This article is about the use of carbon offsets and carbon credits for countries, corporations, and, in some cases, individuals. For more information on carbon credits for individuals, see personal carbon trading.
Carbon offsetting is a carbon trading mechanism that enables entities to compensate for offset greenhouse gas emissions by investing in projects that reduce, avoid, or remove emissions elsewhere. When an entity invests in a carbon offsetting program, it receives carbon credit or offset credit, which account for the net climate benefits that one entity brings to another. After certification by a government or independent certification body, credits can be traded between entities. One carbon credit represents a reduction, avoidance or removal of one metric tonne of carbon dioxide or its carbon dioxide-equivalent (CO2e).

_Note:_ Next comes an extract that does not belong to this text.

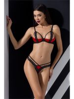 Die Vielzahl von Streifen auf dem „offenen BH BH und Strings machen das Set Malwia zu einem sehr verführerischen Angebot der Marke Passion. Dekorative goldene Druckknöpfe und Verbindungen machen es unmöglich, an einer solchen Kombination vorbeizugehen.
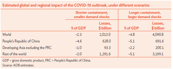 아시아 지역의 경제성장률은 미중 무역갈등, 전자제품 시장 침체, 투자 감소로 2018년 5.8%에서 2019년 5.2%로 낮아졌다. 2019년 말 미·중 1단계 무역합의 및 전자제품 시장 회복세로 아시아 경제는 기존 성장세로 복귀할 것으로 보였으나 코로나19 대유행으로 이러한 기대감은 사라졌다. 올해 ADB의 보고서에 따르면 코로나19 대유행으로 인한 불확실성이 있긴 하나 올해 아시아 지역 성장률은 2.2%를 기록할 것으로 전망했으며, 2021년에는 6.2%로 경제성장을 회복할 것이라고 했다. 한편 ADB는 생필품 공급 및 국제송금 애로, 사회경제 위기, 의료 및 교육 접근불가가 격화되면 세계 GDP의 최대 4.8%까지도 영향을 줄 수 있다고 분석했다.

Carbon offset and credit programs provide a mechanism for countries to meet their Nationally Determined Contributions (NDC) commitments to achieve the goals of the Paris Agreement.[7]Article 6 of the Paris Agreement includes three mechanisms for "voluntary cooperation" between countries towards climate goals, including carbon markets. Article 6.2 enabled countries to directly trade carbon credits and units of renewable power with each other. Article 6.4 established a new international carbon market allowing countries or companies to use carbon credits generated in other countries to help meet their climate targets.
Carbon offset and credit programs are coming under increased scrutiny because their claimed emissions reductions may be inflated compared to the actual reductions achieved.[8][9][10] To be credible, the reduction in emissions must meet three criteria: they must last indefinitely, be additional to emission reductions that were going to happen anyway, and must be measured, monitored and verified by independent third parties to ensure that the amount of reduction promised has in fact been attained.[11][12]